Tag Archives: Data Modelling

Migration: Beyond ETL

2013.05.26 [IMG_0514]

When approaching a migration it is tempting to try and do the simplest thing that could possibly work, most likely a re-key or one-off ETL , because any code or process created for the migration is probably going to be discarded once complete. Assuming a code solution is proposed then it’s probably going to look like this:

Beyond ETL 1

So who is going to do the work? If it’s a single team then maybe this approach will work but if there are two teams: one focussed on the source system and one focussed on the target system then the question is who works on what, most likely the answer is the sending system team gets to do the extract and the target system team does the load but who does the transform?

Beyond ETL 2

Working on the transform is probably going to take both teams. This has some problems:

  • both teams need to understand each-others data-model which, of course, can be very complex especially if one party forgot the most important step of normalisation.
  • codes need to be mapped and this is often not a one-to-one relationship
  • the target system team need to understand where data might be missing in the source system
  • the target system team need to understand what to do about data quality problems in the source system
  • reconciling the migration will be difficult if both data models are complex.

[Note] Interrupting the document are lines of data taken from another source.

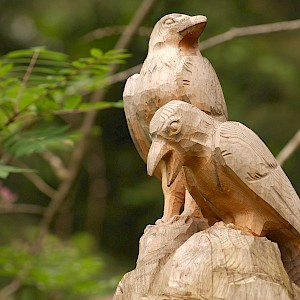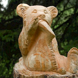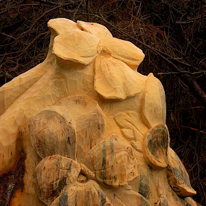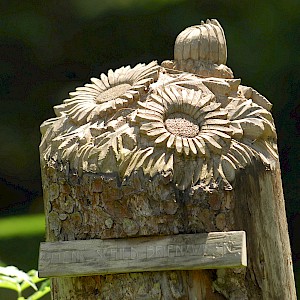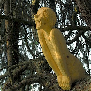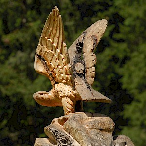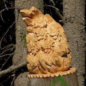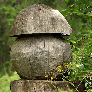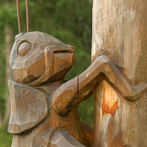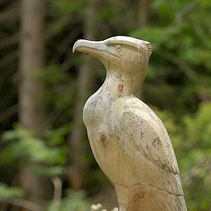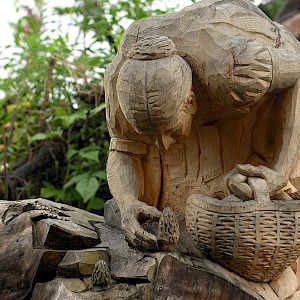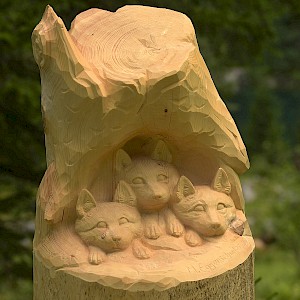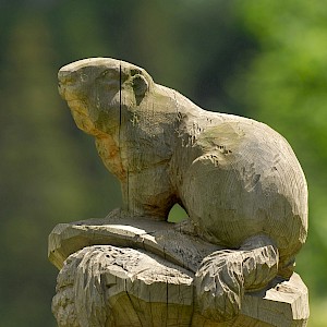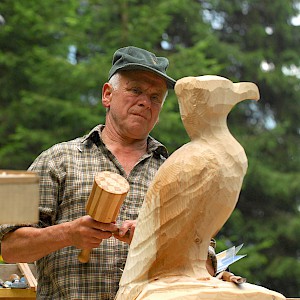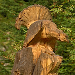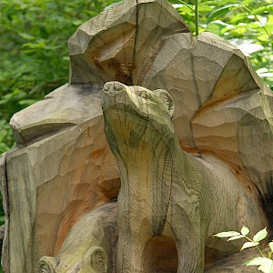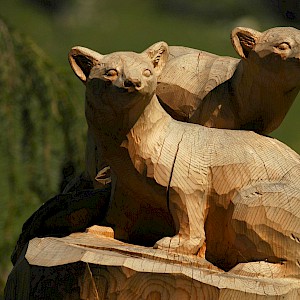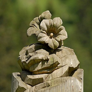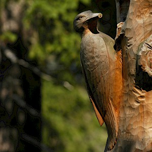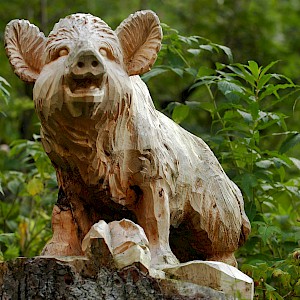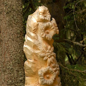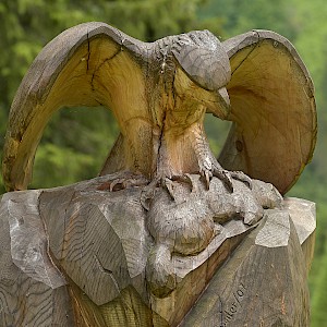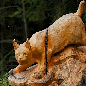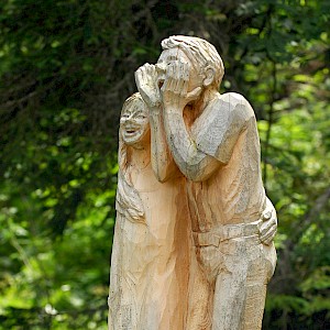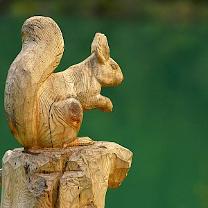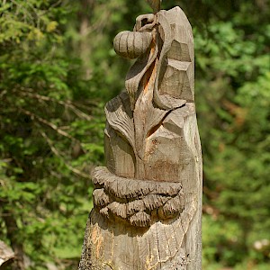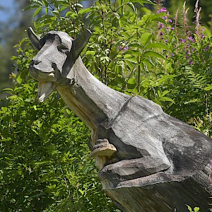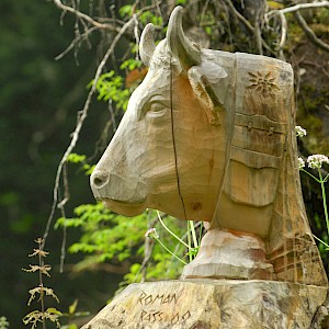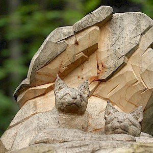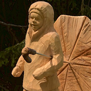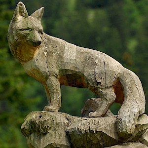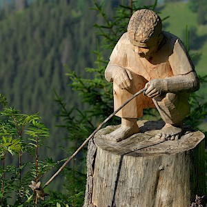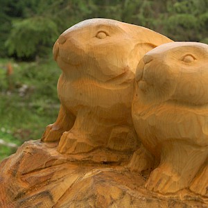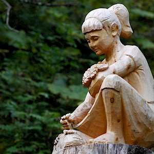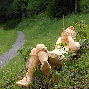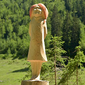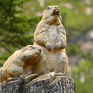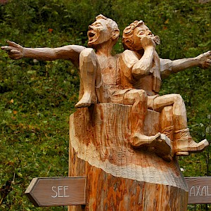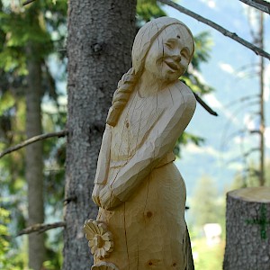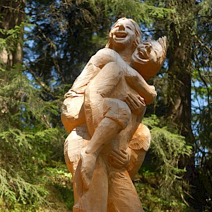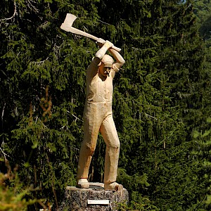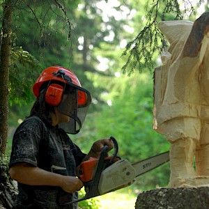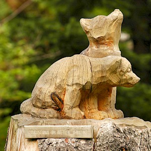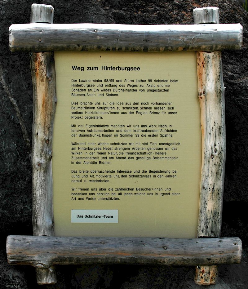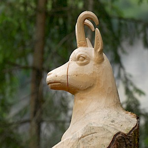 The story behind began in winter 1998/99 where snow avalanches and storm Lothar caused severe damage to the nature. The local wood carvers decided to keep the remaining trunks and create sculptures from it.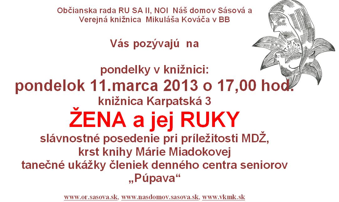 V pondelok 11.8.2013 o 17:00 hodine sa vo Verejnej knižnici M.Kováča na Karpatskej 3 uskutoční slávnostné posedenie „Žena a jej ruky“ pri príležitosti MDŽ. Svoje tanečné ukážky predvedú členky denného centra seniorov „Púpava“. Pôjde o country tanec Amazonky a môžete si pozrieť aj výstavku ručných prác.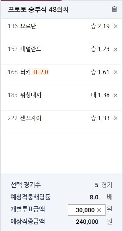 * 터키가 리투아니아 원정에서 완승을 기록했기에 3점차 이상 승리 확률이 매우 높다고 판단했다. 하지만 예상과는 달리 2점차 승리만 기록한 경기다.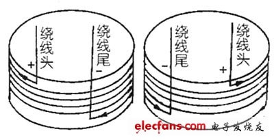 笔者在维修扬声器和音箱时,经常见到国内外的场声器生产厂家的标识不一致。下面笔者介绍四种判别扬声器极性的方法。一是用1.5V电池触及扬声器的”+、-”端,低频扬声器纸盆上下推动大些,高频扬声器的纸盆或振膜推动小一些。电池“+”极接扬声器”+”端,纸盆或振膜向上推动时,电池“+”极触及的一端为扬声器的”+”极。二是用指针式万用表触及扬声器的”+、-”极,纸盆向上推动,红笔接的一端为扬声器的“-“极,黑表笔接的一端为扬声器的”+”极。三是在场声器的修理组装中,可以从音圈的绕线方向来判断其极性,见图。顺时针方向绕,头为“+”极,尾为“-”极。逆时针方向绕,头为“-”极,尾为”+”极。四是用指针式万用表的直流50uA档表置于扬声器的”+、-”极,按压扬声器的纸盆,万用表指针顺时针方向摆动时,红表笔接的一端为“-”极,黑表笔接的一端为“+”极。万用表指针往逆时针方向摆动时,红表笔接的一端为”+”极,黑表笔接的一端为“-”极。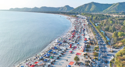 广东汕尾陆丰市,金厢银滩游人如织。 |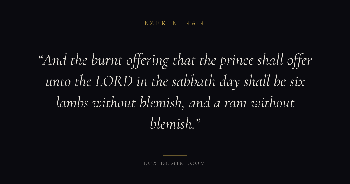 And the burnt offering that the prince shall offer unto the LORD in the sabbath day shall be six lambs without blemish, and a ram without blemish.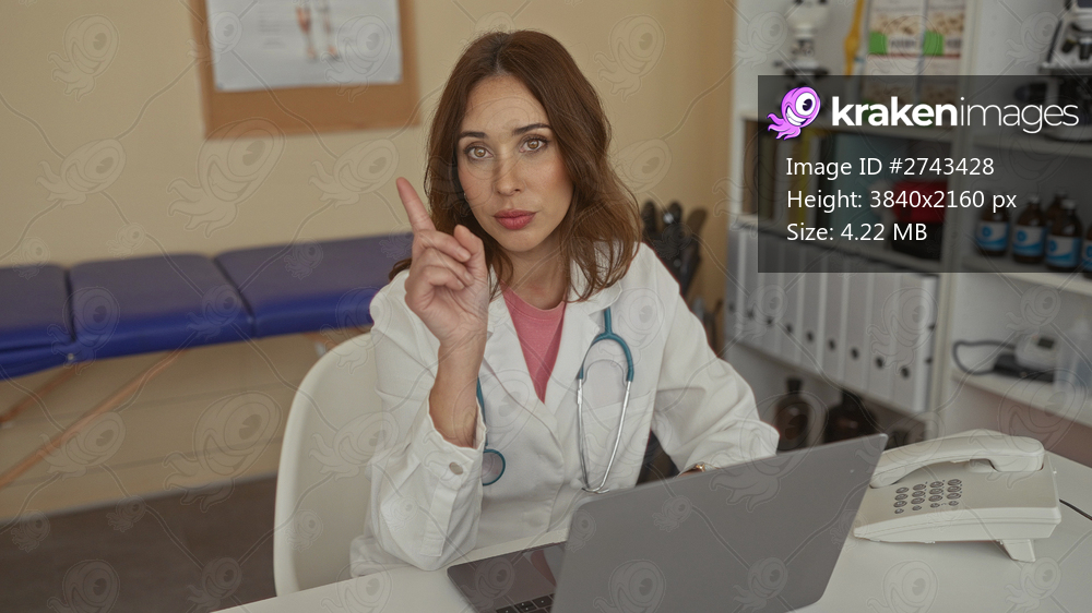Young woman doctor in a white coat with a stethoscope works on a laptop in a clinical interior surrounded by medical equipment and files, indicating a healthcare setting. - Kraken Images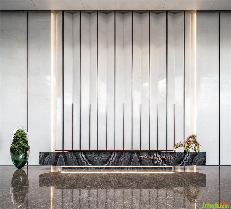 接待臺基底規(guī)整的大理石具有沉穩(wěn)理性的氣質格調(diào),以一顆結合了當代科技的種子作為穿越時間的容器,造中糧·大悅城的理想之國。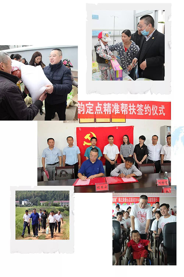 胡国安先生始终将企业社会责任战略聚焦到企业与利益相关方共同发展的相关议题中,在对社会的回馈中释放企业公益的价值,并在最能发挥绿之韵核心优势的领域,为行业、社会关注的希望工程、健康中国、社会养老和脱贫攻坚等重要议题提供力量支撑。截止目前,绿之韵在胡国安先生的带领下,已经踊跃参与了100多项公益慈善项目,项目涉及希望学校、赈灾济困、孤残救助、医疗卫生、修路饮水、社会养老等多个领域,公益足迹覆盖全国13省60多个区县,累计捐赠款物达7000多万元。尤其是近年来,绿之韵在胡国安先生的引领下,通过造血式产业扶贫、支援美丽乡村建设等创新举措,在浏阳市小河乡、安化县黄石片区、湘西龙山县深入开展精准扶贫,赢得了社会各界的好评。胡国安先生先后被中央统战部等五部委评为“全国优秀中国特色社会主义事业建设者”、被中华慈善总会授予“突出贡献奖”、被共青团中央授予“希望杰出贡献奖”,荣获湖南省人民政府颁发的一等功、长沙市人民政府颁发的二等功等荣誉表彰。“精准扶贫”提出五周年之际,2018年10月16日绿之韵被全国工商联、国务院扶贫办评为全国“万企帮万村”精准扶贫行动先进民营企业。湖南政协云、《湘声报》、湖南政协新闻网、新湖南等新闻媒体以《15年公益路,绿之韵的变与不变》为题,聚焦报道了绿之韵精准扶贫、助力攻坚的创新实践历程。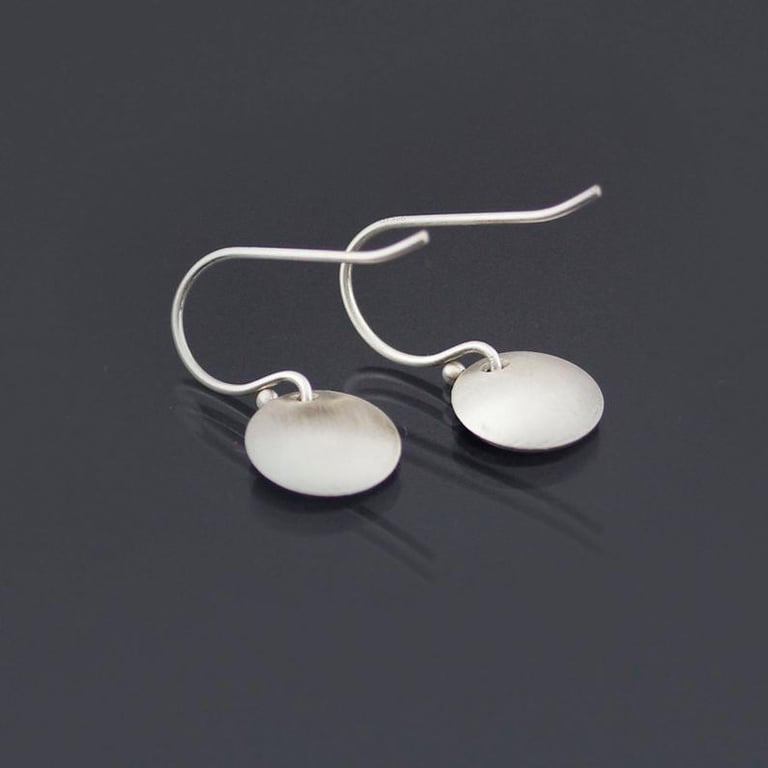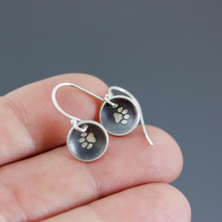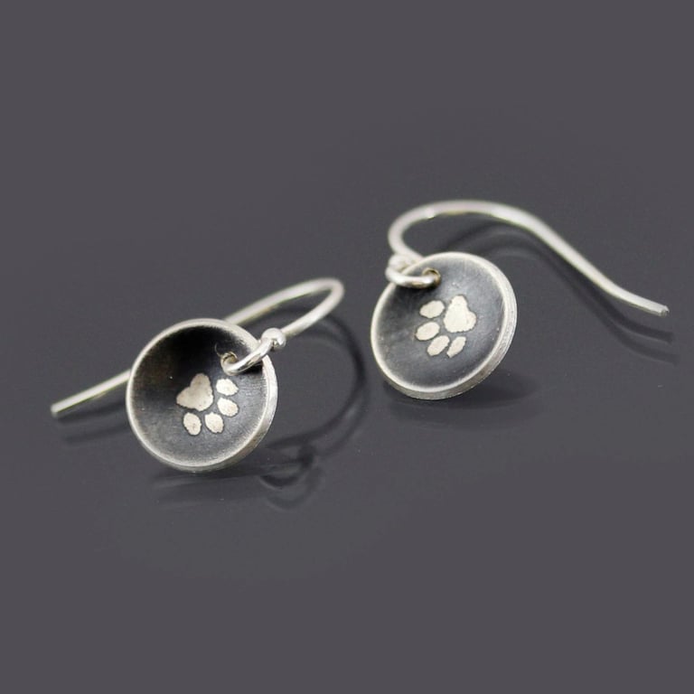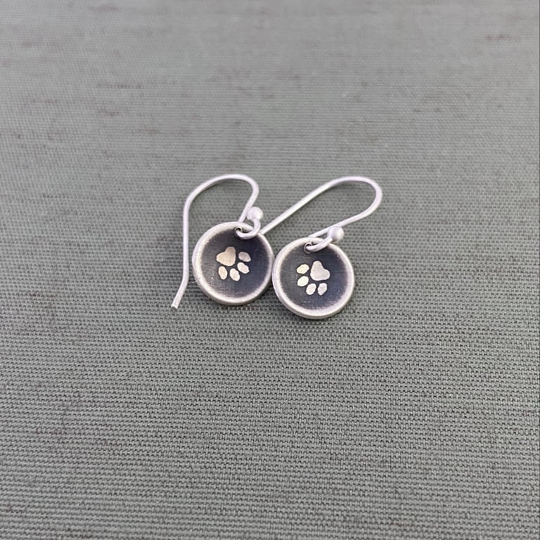 I've etched my hand drawn paw print design into hand formed sterling silver saucers. I've oxidized the background for contrast and I've given the earrings a brushed finish. The saucers hang from sterling silver earwires. The circle diameter is just under 3/8" and the total length of each earring is approximately 7/8".
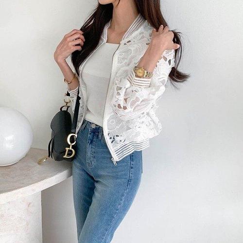 [핑크엘리제]레이스 시스루소매 야구잠바 지파넨점퍼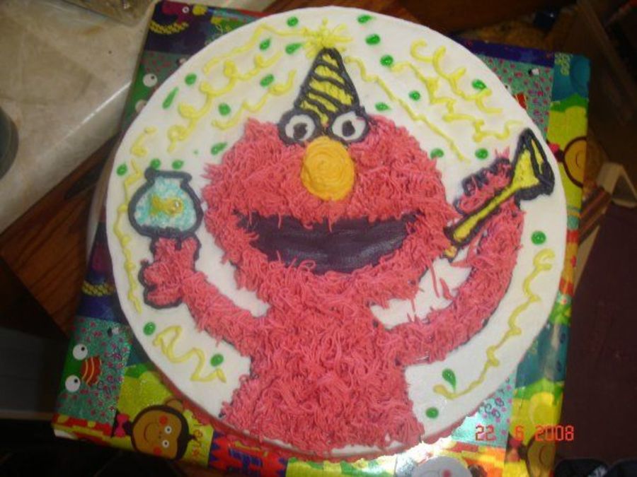 Buttercream Elmo freehanded on cake, used grass tip for Elmos fur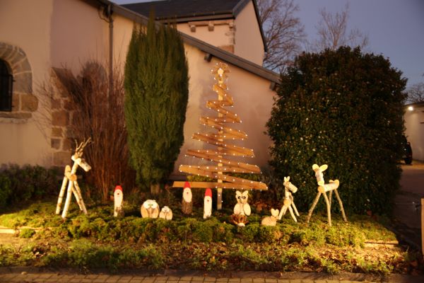 Cette saison 2023 ne devait pas être en reste, puisque de nouvelles décorations été à découvrir cette année encore, mettant plus particulièrement en valeur la place de l’église. En effet, l’ancien poids public, coiffé d’une toiture neuve, s’est vu orné de stalactites lumineux et le décor du fronton de la mairie a été remplacé. Enfin, c’est dans un tout autre style que d’étranges animaux ou autres lutins ont pris place autour d’un sapin de bois, formant un petit village de Noël artisanal à côté de l’église. C’est un habitant de la commune, Jacques LARVIN, qui a donné de son temps et de son savoir-faire pour créer ces très sympathiques personnages, applaudis chaleureusement par le public, lors de leur mise en lumière. Un très beau moment, où la magie de Noël semblait embraser le bourg et venait se refléter dans les yeux des petits et des grands.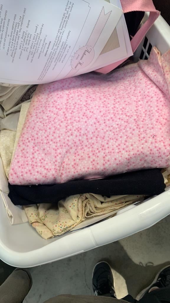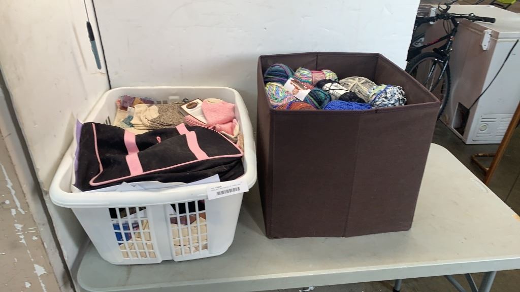 FARIC BOX AND BASKET OF FABRIC AND YARN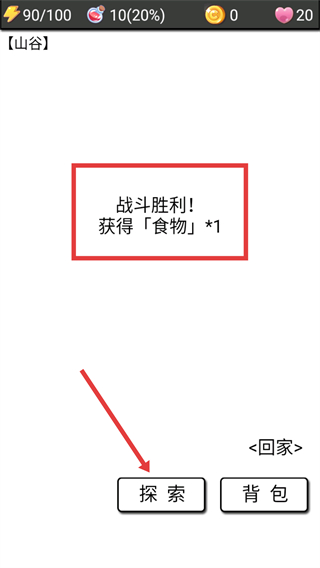 4、【战斗胜利】后可获得【食物*1】,接着点击【探索】继续在山谷中收集资源,推进游戏进度。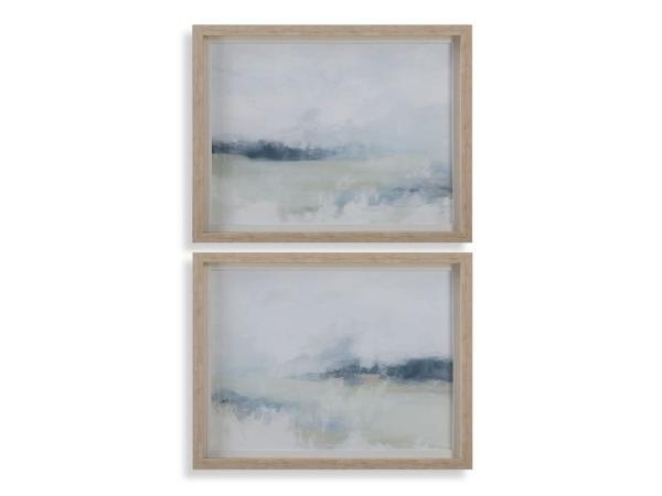 These tranquil landscape prints are shown under glass featuring watercolor shades of navy blue and sage. Each print is accented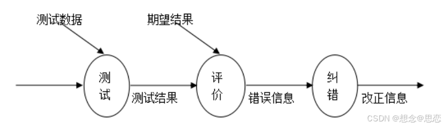 任务:消除软件故障,保证程序的可靠运行。测试与纠错的关系,可以用图6-1的数据流图来说明。图中表明,每一次测试都要准备好若干必要的测试数据,与被测试程序一道送入计算机执行。通常把一次程序执行需要的测试数据,称为一个“测试用例(Test Case)。每一个测试用例产生一个相应的“测试结果”。如果它与“期望结果”不想符合,便说明程序中存在错误,需要用纠错来改正。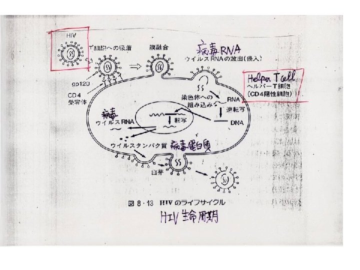HIV Replication (1) • RNA retrovirus • A protein (gp 120) at virus surface binds to host cells with CD 4 receptors • These receptors occur on helper T cells • Once bound, RNA and viral enzymes enter the host cell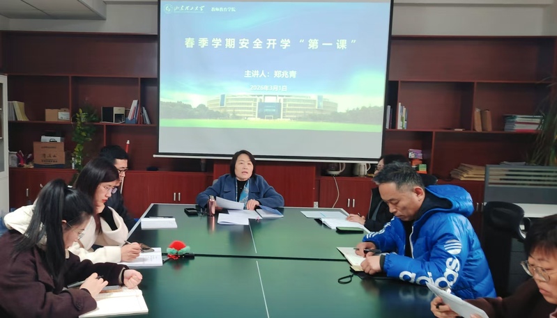 郑兆青首先传达了校党委四届八次全委(扩大)会议暨2026年工作部署会议有关精神,着重围绕校党委书记于红波和校长李玉霞在会上的有关讲话和工作部署进行了学习传达,号召全院职工立足学院实际和岗位职责抓好会议精神贯彻落实。随后,组织了安全开学“第一课”,学习贯彻全省春季开学暨学校安全工作视频会议精神和学校安全工作会议精神,一起学习了河南方城县“1.19”和江西新余“1.24”重大火灾事故调查报告,结合近期学校发生的相关安全事故,坚持以案说法,深刻汲取教训。要求重点关注学生教育实习安全及课堂教学、教材选用中的意识形态安全,共同营造安全、稳定、有序的教学环境。

The answer: introduce an intermediate data model

Beyond ETL 3

The main design consideration of the intermediate data model is that it should be clear and simple to understand, there should be no ambiguity; it has the following features:

  • The structure is as simple as possible: code tables are denormalised  and merged back into the major entities; user management data can be removed along with system log or other management tables.  Both teams are likely to need to come together to agree the structure because this is the common representation of the data from both systems.
  • The structure does not need to match either the source or target system (if it does maybe you don’t need this step).
  • All codes are turned into a description, e.g. replace a status code of “1” with ”Active”
  • Column names for tables should be as descriptive as possible.
  • Optimisation for performance involving changes to structure should only be considered if absolutely essential.
  • Missing data should be explicitly marked as such.
  • Data quality issues should be resolved by the source system team as part of their ETL.

The advantages of using the intermediate data model are:

  • Each team can focus on their area of expertise
  • There is less scope for ambiguity leading to mistakes and subsequent rework
  • Reconciliation can be split into two, simpler, reconciliations (source to intermediate and intermediate to target)
  • The target system team are not bound to the source system team making data available, they should understand the intermediate model well enough to generate test data
  • The intermediate data model serves as an archive for subsequent audit or enquiries needing to understand how data was created in the target system

It is especially worth considering using an intermediate data model if the migration is split into phases, or there will be multiple source systems over time, as it can be extended and modified to represent any unique requirements at each phase, or source system, rather than having to understand all of these complexities at one time.

These advantages are also applicable to integrations that follow the ETL model.